══ Provided entries

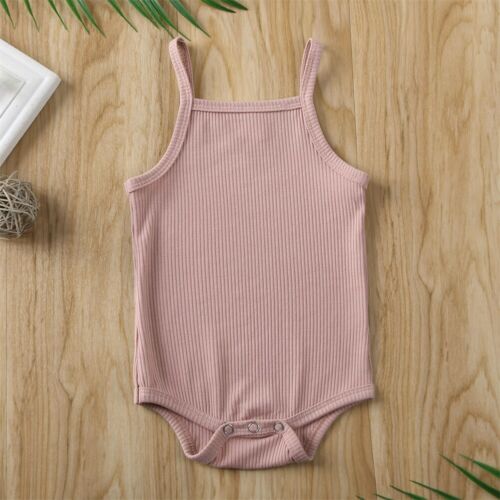 Baby Summer Clothing Newborn Baby Boy Girl Sling Bodysuit Jumpsuit Sleeveless Outfit Ribbed Solid Clothes Set
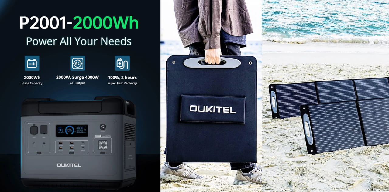 OUKITEL P2001 Ultimate 2000W Portable Power Station + PV200 200W Foldable Solar Panel
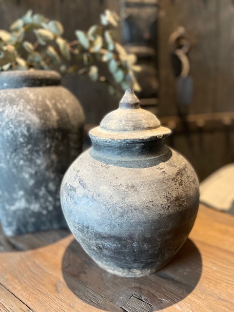 Oude, unieke stenen Chinese pot met deksel. Afm. H25cm x Ø20cm Afmetingen zijn bij benadering.
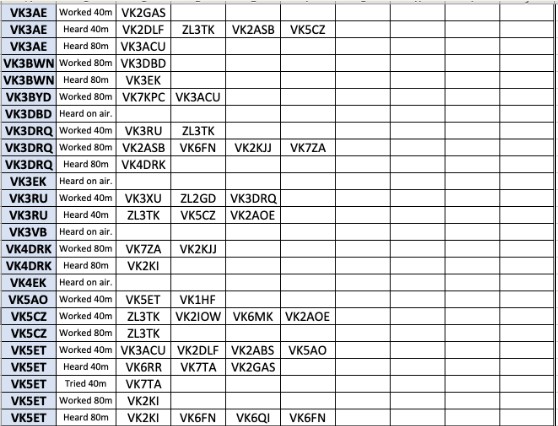 Thank you so much to our team of 37 contributors: G4RWI, MONNK, VK2AOE, VK2ASB, VK2DLF, VK2GAS, VK2KJJ, VK3ACU, VK3AE, VK3BWN, VK3BYD, VK3DRQ, VK3JFP, VK3RU, VK4DRK, VK4MFX, VK5AO, VK5CZ, VK5ET, VK5QA, VK3CLD, VK6BEK, VK6FN, VK6HRC, VK6IS, VK6JDM, VK6KHZ, VK6MK, VK6PZT, VK6RR, VK7KPC, VK7TA, VK7WW, VK7ZA, ZL1PB, ZL2GD, ZL3TK; your efforts are very much appreciated by me and our readers folks.
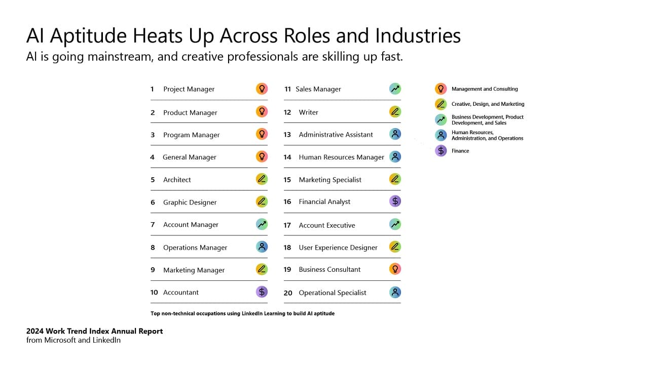 เกือบเท่าตัวในช่วง 6 เดือนที่ผ่านมา ขณะที่ผู้ใช้ ลิงค์อิน จำนวนไม่น้อยได้นำเอาทักษะความสามารถที่เกี่ยวกับ AI มาเพิ่มเติมลงในเรซูเม่ของตนมากขึ้น ทางด้านผู้บริหาร ส่วนใหญ่มีมุมมองว่าจะไม่จ้างผู้สมัครที่ไม่มีทักษะด้าน AI แต่ขณะเดียวกัน ผู้บริหารจำนวนมาก ทั้งในเอเชีย และทั่วโลก ยังคงกังวลเกี่ยวกับการขาดวิสัยทัศน์ด้าน AI
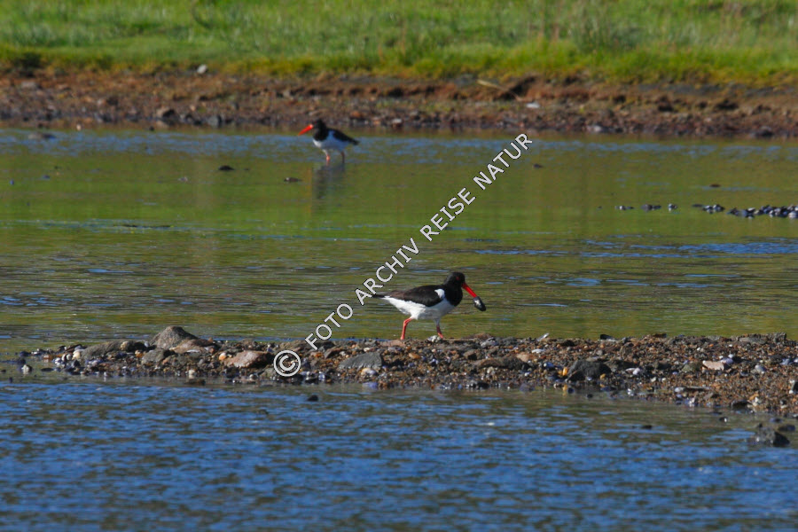 Austernfischer, Haematopus ostralegus, Bodden, Fauna, Felsen, Flora, Geröll, Gewässer, Gras, Knutstad, Landschaft, Lofoten, Material, Nordland, Norwegen, Stein, Vestvågøy, Vogel, Watvogel,
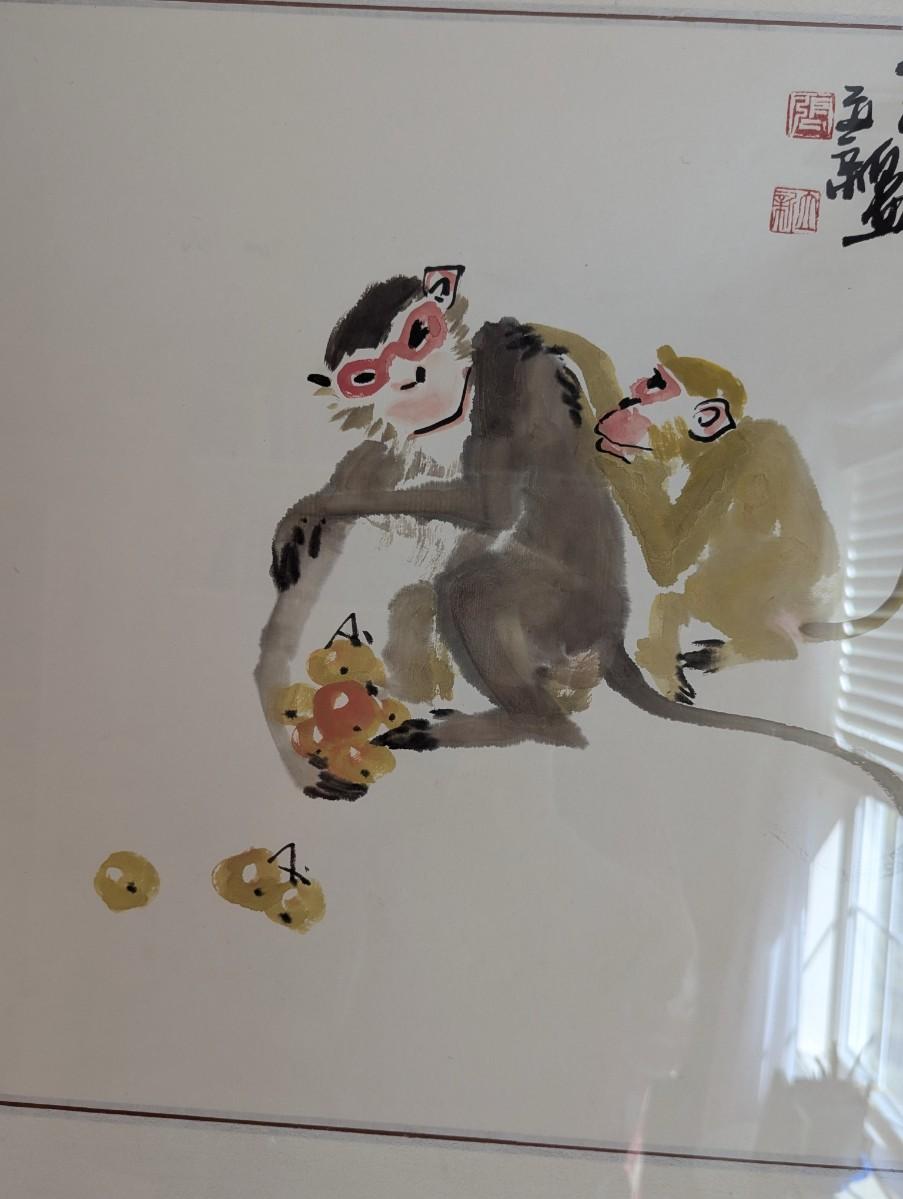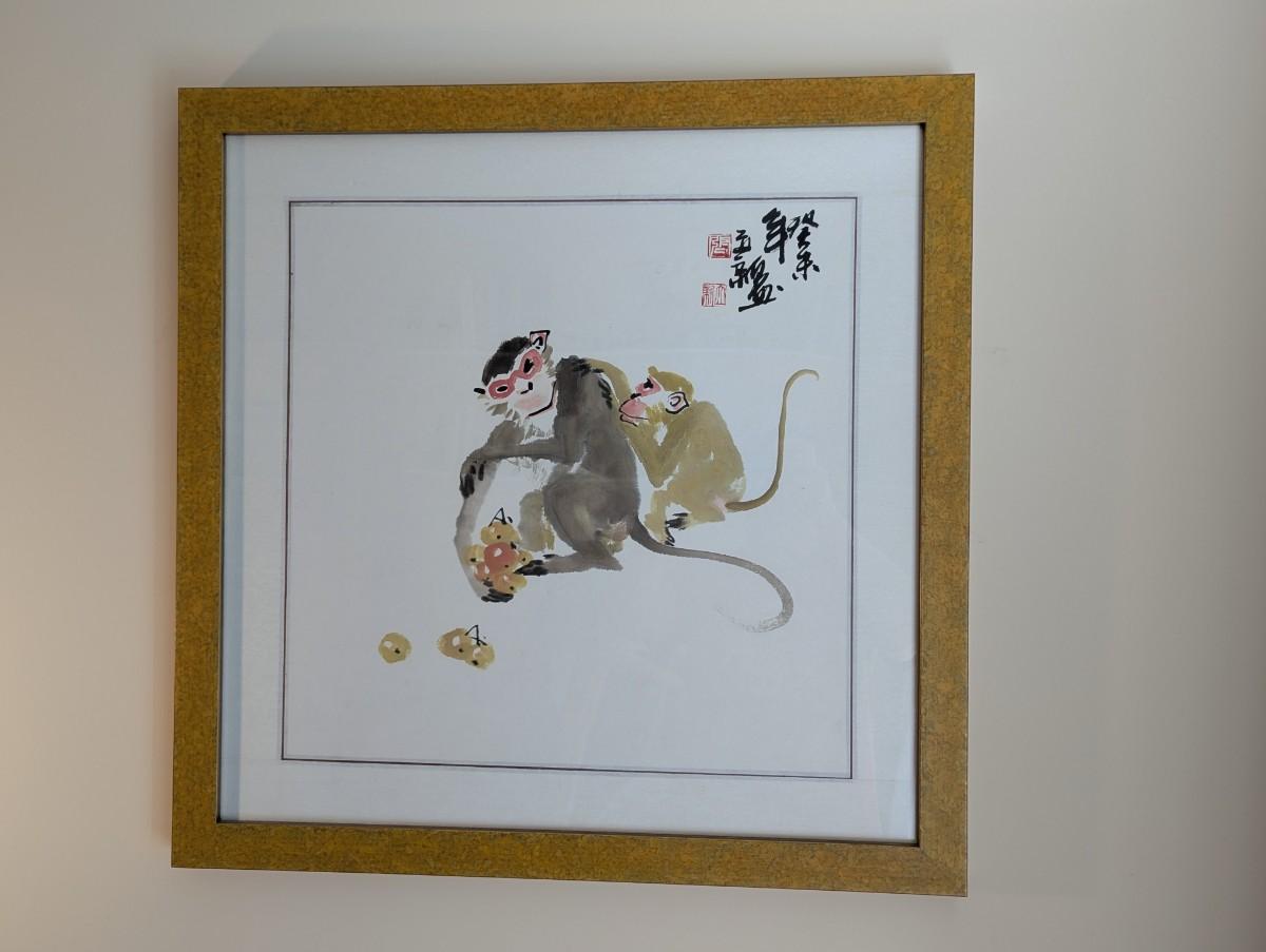 26" x 26" Framed Monkey Art Marked

════

(Directions for this task):
The lines from the beginning of the listing above through the line holding "Thank you so" are to be duplicated exactly, and the pictures omitted.

(Answer to the exercise):
 Baby Summer Clothing Newborn Baby Boy Girl Sling Bodysuit Jumpsuit Sleeveless Outfit Ribbed Solid Clothes Set
 OUKITEL P2001 Ultimate 2000W Portable Power Station + PV200 200W Foldable Solar Panel
 Oude, unieke stenen Chinese pot met deksel. Afm. H25cm x Ø20cm Afmetingen zijn bij benadering.
 Thank you so much to our team of 37 contributors: G4RWI, MONNK, VK2AOE, VK2ASB, VK2DLF, VK2GAS, VK2KJJ, VK3ACU, VK3AE, VK3BWN, VK3BYD, VK3DRQ, VK3JFP, VK3RU, VK4DRK, VK4MFX, VK5AO, VK5CZ, VK5ET, VK5QA, VK3CLD, VK6BEK, VK6FN, VK6HRC, VK6IS, VK6JDM, VK6KHZ, VK6MK, VK6PZT, VK6RR, VK7KPC, VK7TA, VK7WW, VK7ZA, ZL1PB, ZL2GD, ZL3TK; your efforts are very much appreciated by me and our readers folks.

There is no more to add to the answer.